- What needs to be done -
Each record that follows should be duplicated exactly, except for its pictures.

- Task inputs -
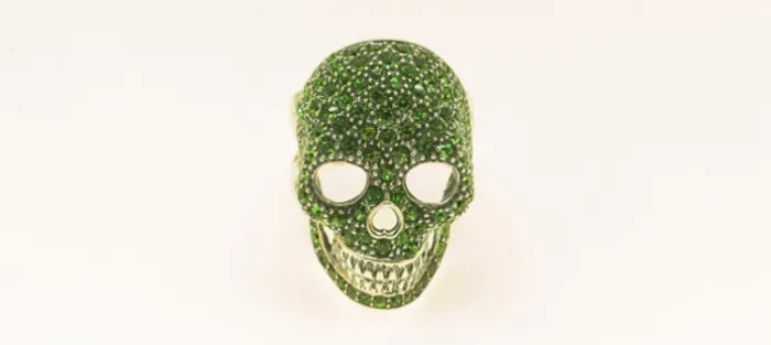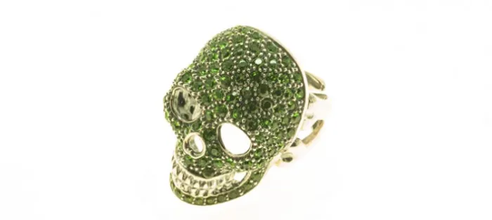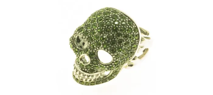 Anillo en forma de calavera en plata de primera ley (925). Con cristales Swaroski verdes.
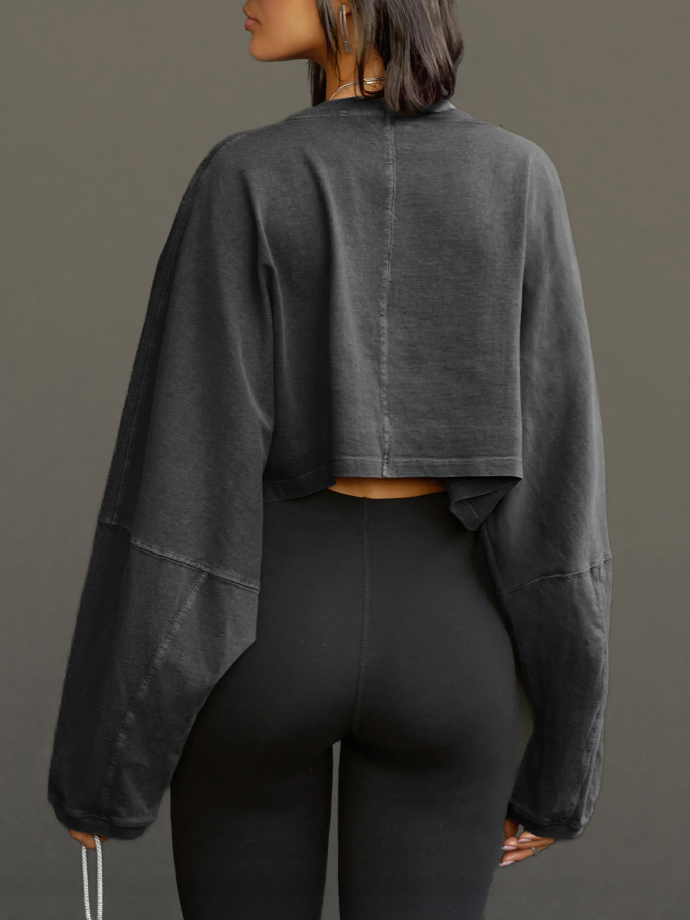 Round Neck Long Sleeve Crop Sweatshirt
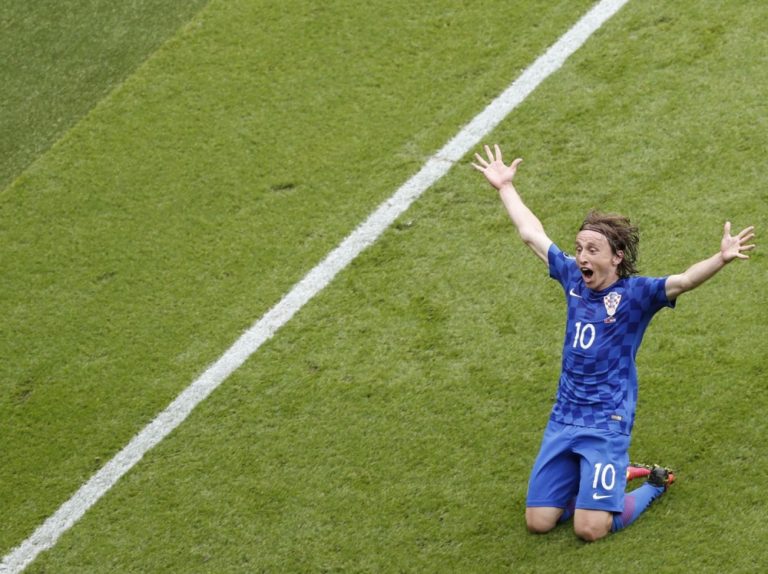 Chorvátsky futbalista Luka Modrič sa raduje z gólu v sieti Turecka počas zápasu na majstrovstvách Európy. Paríž, 12. jún 2016. Foto: SITA/AP
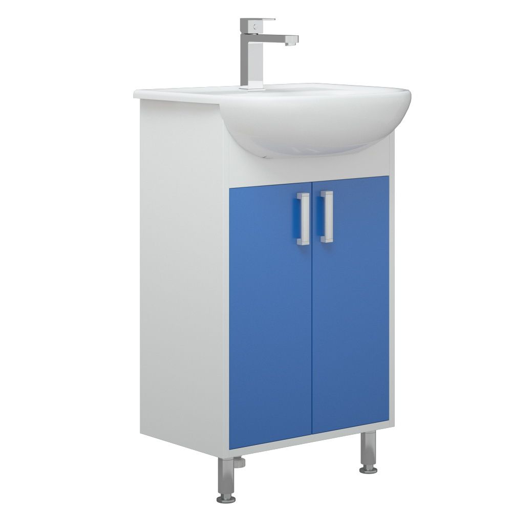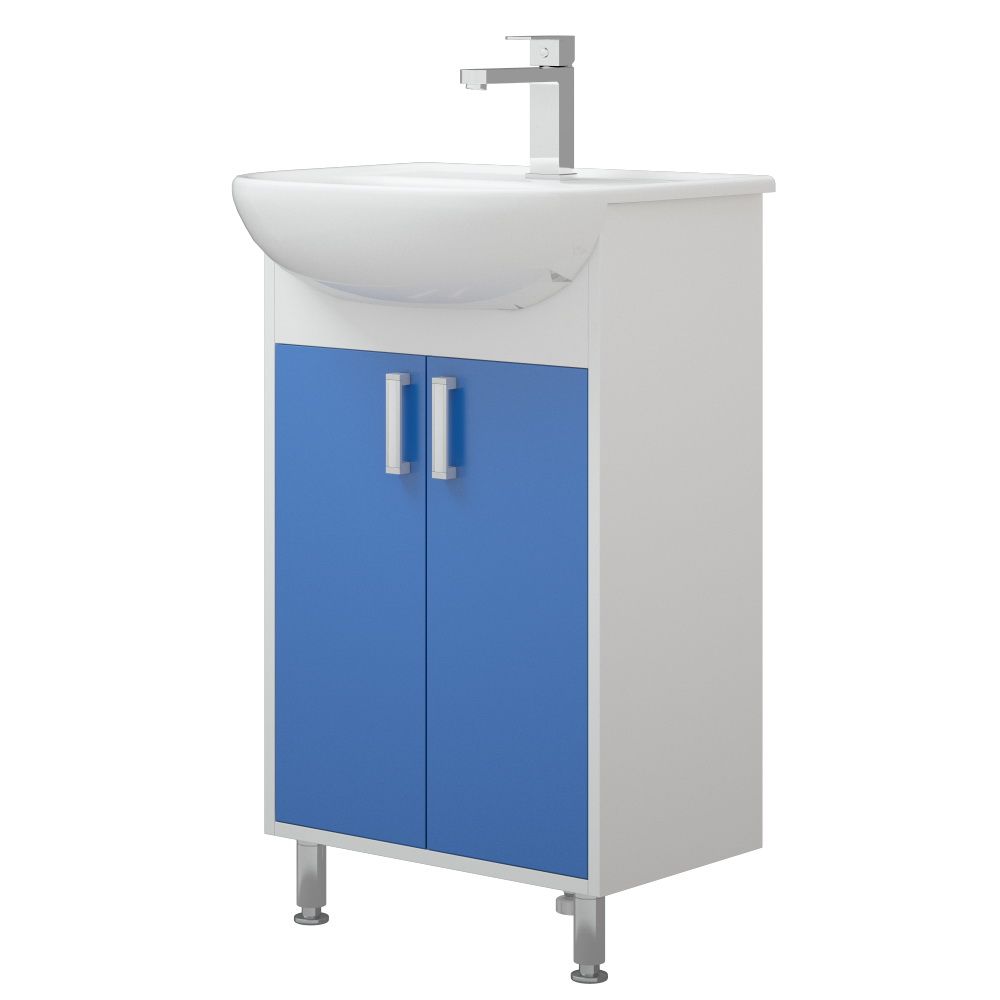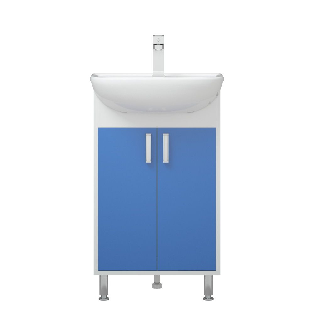 Тумба оснащена двумя распашными дверцами и одной полочкой за ними. У тумбы 2 мет. опоры спереди, сзади 1 пластиковая. Цветным элементом являются двери. Двери - крашенные матовой эмалью. Коромысло - МДФ в пленке.
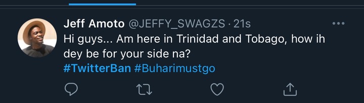 @JEFFY_SWAGZS wrote: “Hi guys… Am here in Trinidad and Tobago, how ih dey be for your side na? #TwitterBan”
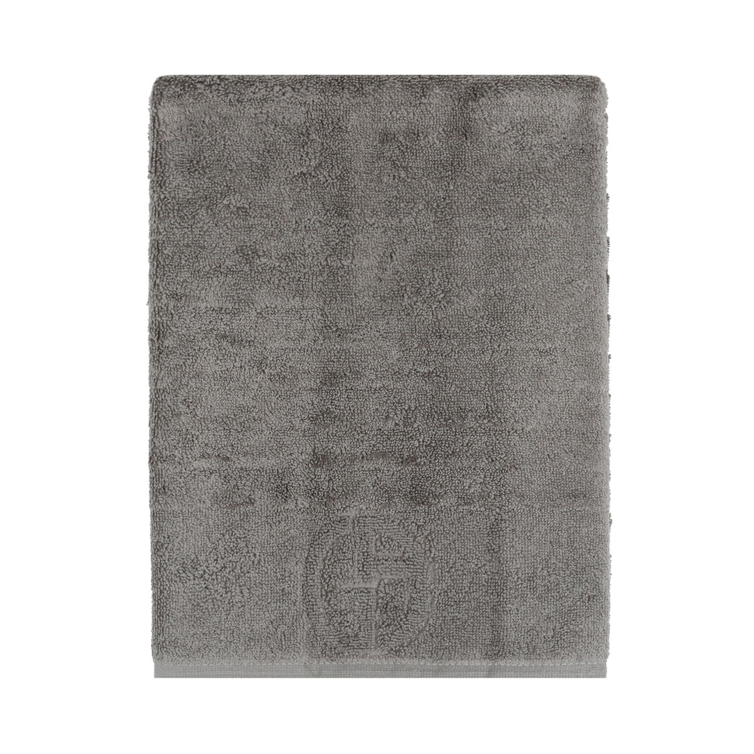 Armani Casa Graphite Grey Towel. Graphite grey soft cotton towel, Dorotea is a bathroom collection with the precious addition of a pleated effect, combined with the jacquard weave of the sponge, further enriched by a jacquard GA logo on the bottom.
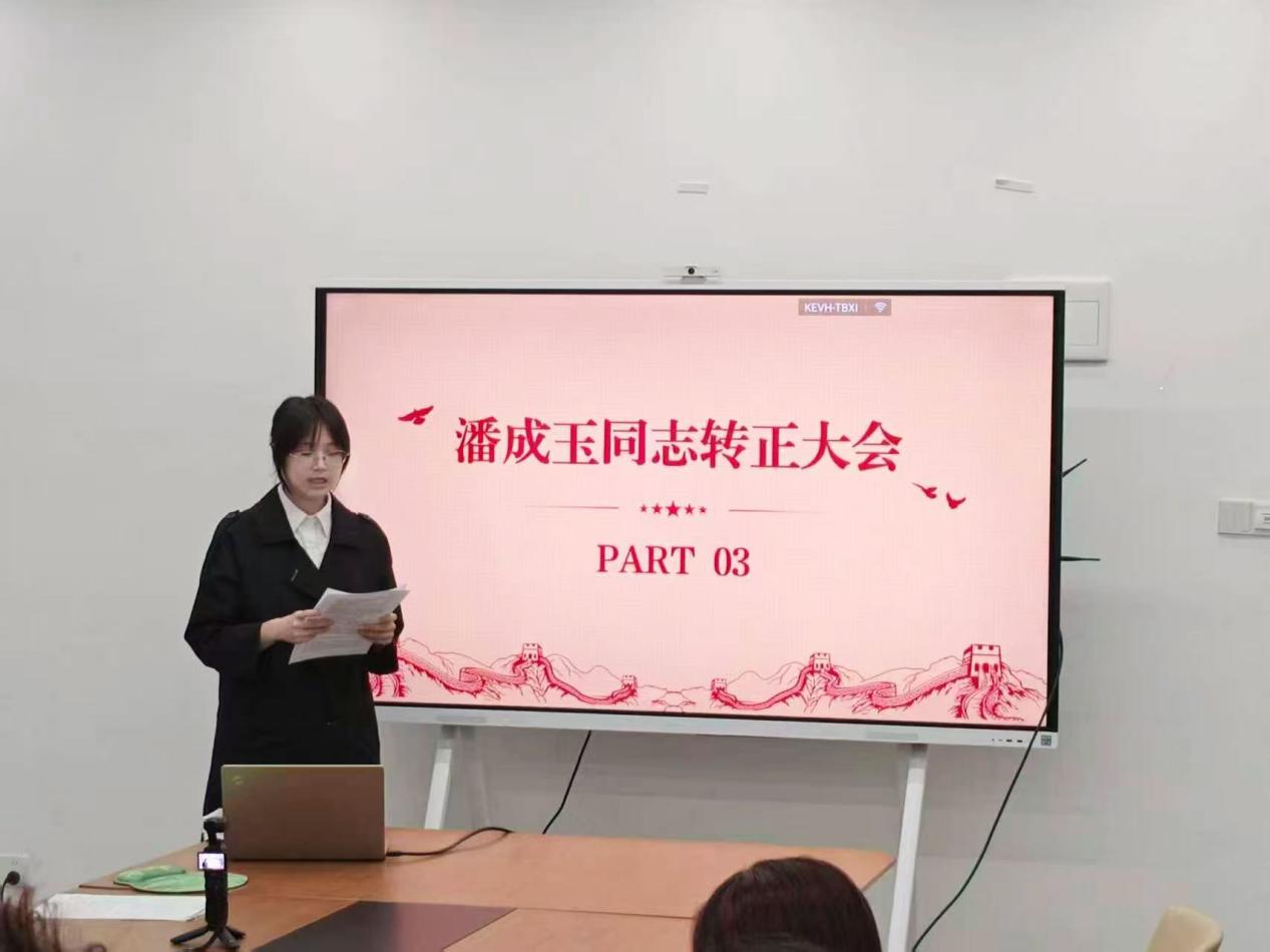 转正大会环节,潘成玉同志宣读转正申请,汇报了在预备期内思想政治、学习科研、支部工作、社会实践等方面的表现与收获,并诚恳剖析自身在理论联系实际、工作创新、性格修养等方面的不足及改进方向。
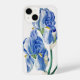 Este es un colorido dibujo de acuarela vintage de iris azules sobre un fondo blanco.
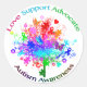 Beautiful and unique autism puzzle tree with butterflies, ribbons, and hearts in a spectrum of colour, and “Love Support Advocate” to support Autism Awareness.
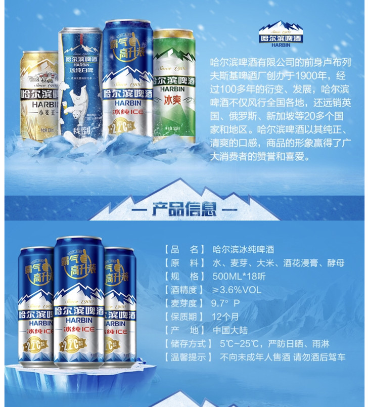 哈尔滨冰纯啤酒500ml清爽口感夏日畅饮必备
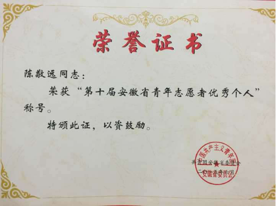 本网讯(通讯员:杨雨婷)近日,共青团安徽省委下发表彰文件,必赢官网青年志愿者联合会(以下简称“青志联”)第十二届会长陈敬远同学荣获“第十届安徽省青年志愿者优秀个人”称号。同时,在共青团中央、民政部、中国残疾人联合会、中国志愿者服务联合会联合启动的第二届中国青年志愿服务项目大赛中,必赢官网青志联“阳光小学”义务支教荣获大赛二等奖,情暖黄昏志愿服务项目荣获三等奖。
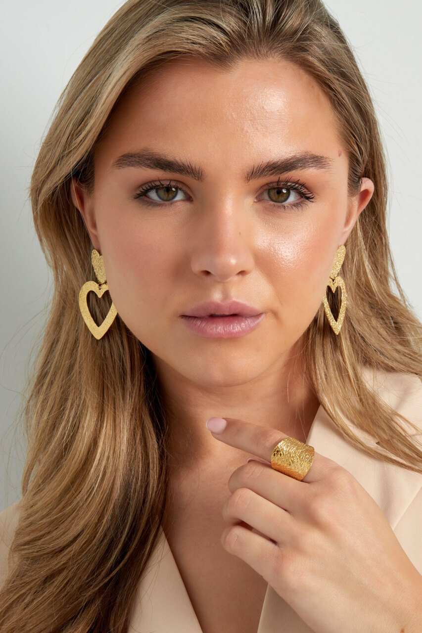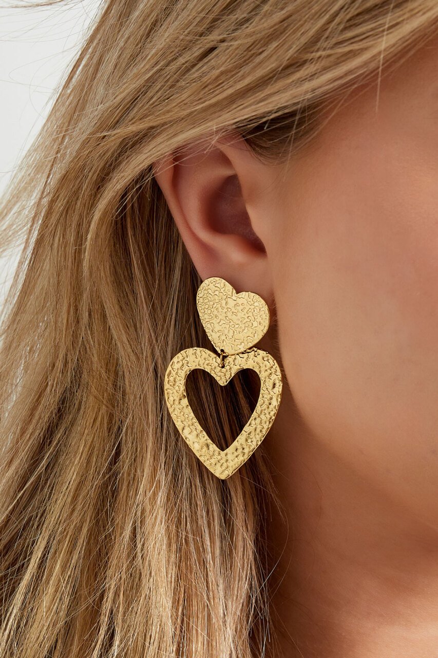 Oorbellen hartjes structuur - Goud
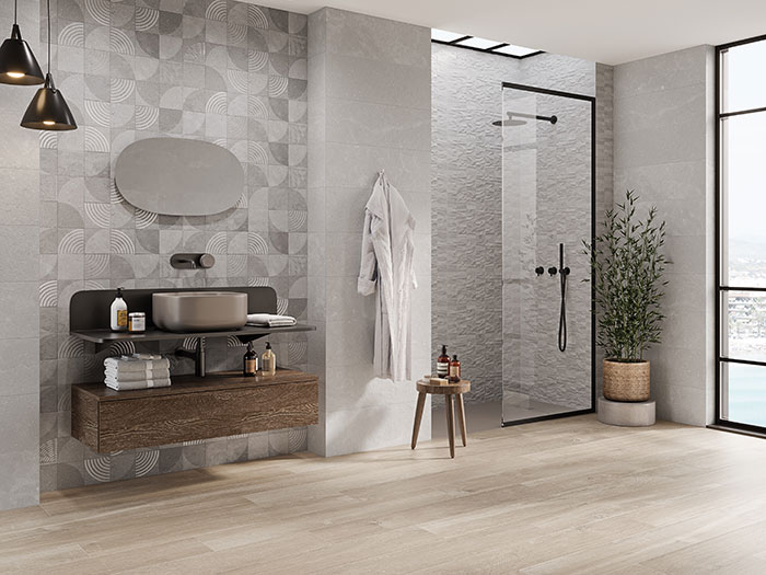 Since consumers are showing a preference for more demure tile designs, shading is becoming vitally important. The simplest and most effective way to manipulate shade is through texture. Collections featuring these surfaces will offer spaces a sensory experience full of depth and interest.
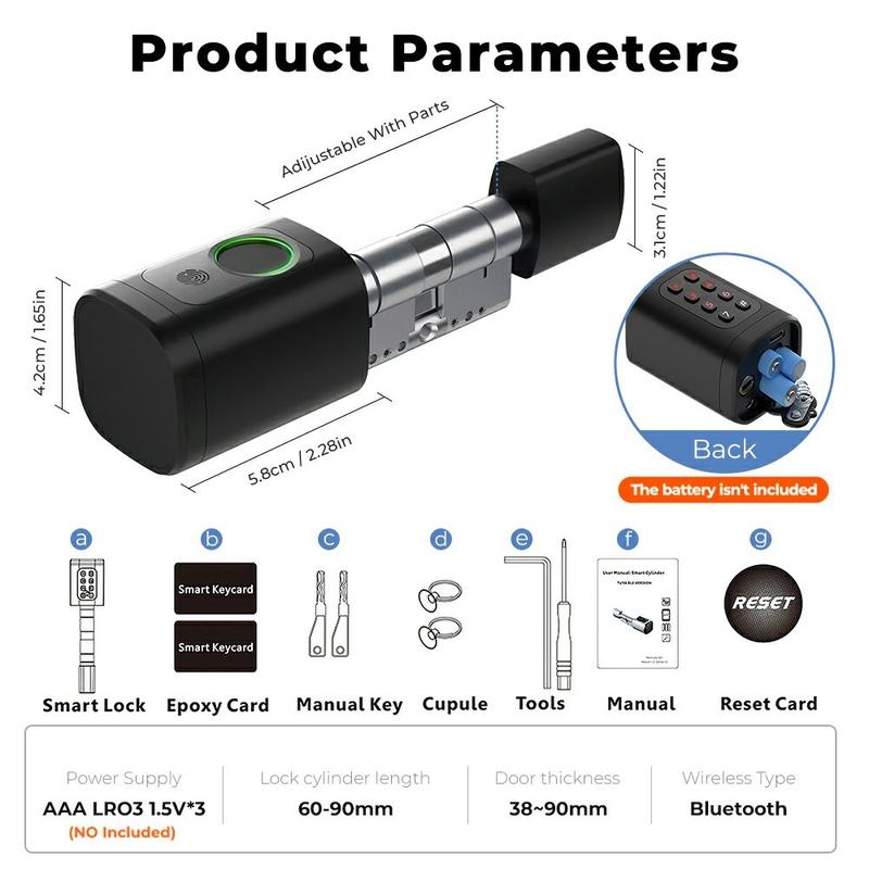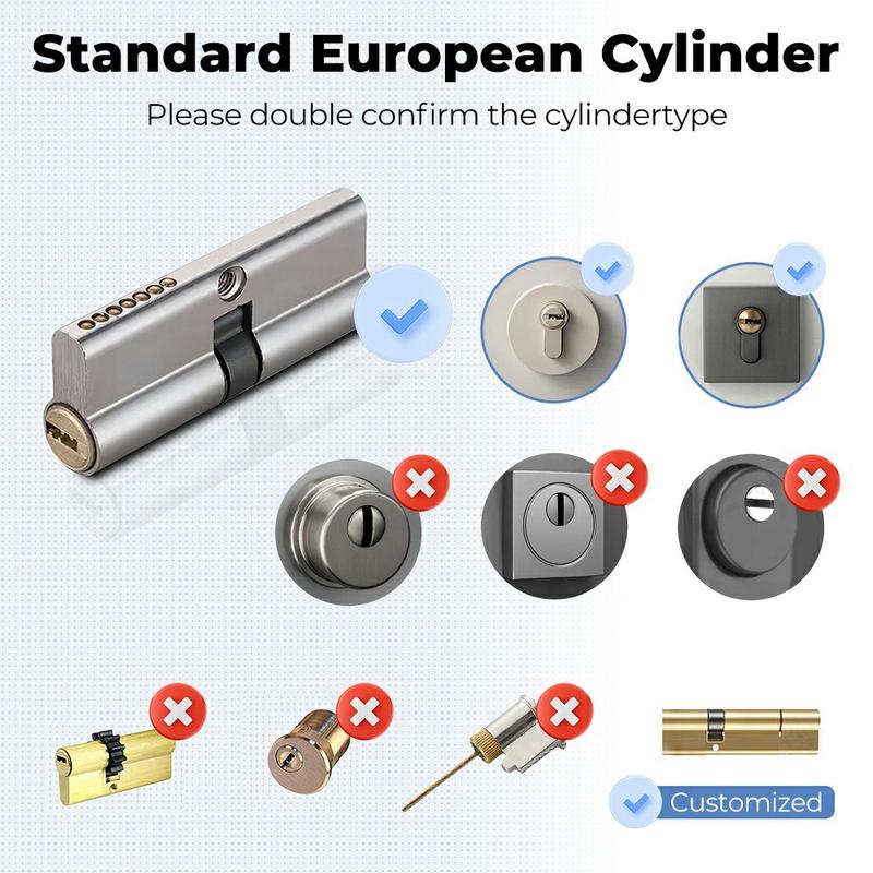 This smart lock cylinder is designed for easy replacement of an existing lock core without changing the door structure. Its adjustable 60-90 mm cylinder improves compatibility with different door thicknesses and common European lock sizes. Installation is straightforward and can be completed quickly, making it a practical upgrade for users who want a smarter locking system without a more complex door modification.
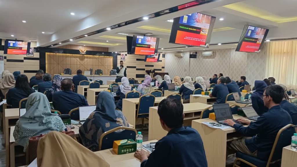 Suasana pelatihan berlangsung interaktif. Peserta aktif berdiskusi terkait identifikasi risiko, serta mempelajari cara pemetaan risiko melalui risk mapping dan key risk indicators. Pada sesi akhir, peserta melakukan simulasi penyusunan peta risiko untuk meningkatkan pemahaman praktik lapangan.
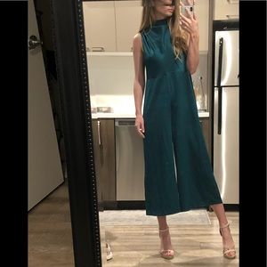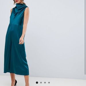 - Asos perfectly matching emerald satin cropped midi sleeveless cowl high neck jumpsuit. Zip back. Note that this has LEGS - it is not a dress. US size: 4

- Response -
 Anillo en forma de calavera en plata de primera ley (925). Con cristales Swaroski verdes.
 Round Neck Long Sleeve Crop Sweatshirt
 Chorvátsky futbalista Luka Modrič sa raduje z gólu v sieti Turecka počas zápasu na majstrovstvách Európy. Paríž, 12. jún 2016. Foto: SITA/AP
 Тумба оснащена двумя распашными дверцами и одной полочкой за ними. У тумбы 2 мет. опоры спереди, сзади 1 пластиковая. Цветным элементом являются двери. Двери - крашенные матовой эмалью. Коромысло - МДФ в пленке.
 @JEFFY_SWAGZS wrote: “Hi guys… Am here in Trinidad and Tobago, how ih dey be for your side na? #TwitterBan”
 Armani Casa Graphite Grey Towel. Graphite grey soft cotton towel, Dorotea is a bathroom collection with the precious addition of a pleated effect, combined with the jacquard weave of the sponge, further enriched by a jacquard GA logo on the bottom.
 转正大会环节,潘成玉同志宣读转正申请,汇报了在预备期内思想政治、学习科研、支部工作、社会实践等方面的表现与收获,并诚恳剖析自身在理论联系实际、工作创新、性格修养等方面的不足及改进方向。
 Este es un colorido dibujo de acuarela vintage de iris azules sobre un fondo blanco.
 Beautiful and unique autism puzzle tree with butterflies, ribbons, and hearts in a spectrum of colour, and “Love Support Advocate” to support Autism Awareness.
 哈尔滨冰纯啤酒500ml清爽口感夏日畅饮必备
 本网讯(通讯员:杨雨婷)近日,共青团安徽省委下发表彰文件,必赢官网青年志愿者联合会(以下简称“青志联”)第十二届会长陈敬远同学荣获“第十届安徽省青年志愿者优秀个人”称号。同时,在共青团中央、民政部、中国残疾人联合会、中国志愿者服务联合会联合启动的第二届中国青年志愿服务项目大赛中,必赢官网青志联“阳光小学”义务支教荣获大赛二等奖,情暖黄昏志愿服务项目荣获三等奖。
 Oorbellen hartjes structuur - Goud
 Since consumers are showing a preference for more demure tile designs, shading is becoming vitally important. The simplest and most effective way to manipulate shade is through texture. Collections featuring these surfaces will offer spaces a sensory experience full of depth and interest.
 This smart lock cylinder is designed for easy replacement of an existing lock core without changing the door structure. Its adjustable 60-90 mm cylinder improves compatibility with different door thicknesses and common European lock sizes. Installation is straightforward and can be completed quickly, making it a practical upgrade for users who want a smarter locking system without a more complex door modification.
 Suasana pelatihan berlangsung interaktif. Peserta aktif berdiskusi terkait identifikasi risiko, serta mempelajari cara pemetaan risiko melalui risk mapping dan key risk indicators. Pada sesi akhir, peserta melakukan simulasi penyusunan peta risiko untuk meningkatkan pemahaman praktik lapangan.
 - Asos perfectly matching emerald satin cropped midi sleeveless cowl high neck jumpsuit. Zip back. Note that this has LEGS - it is not a dress. US size: 4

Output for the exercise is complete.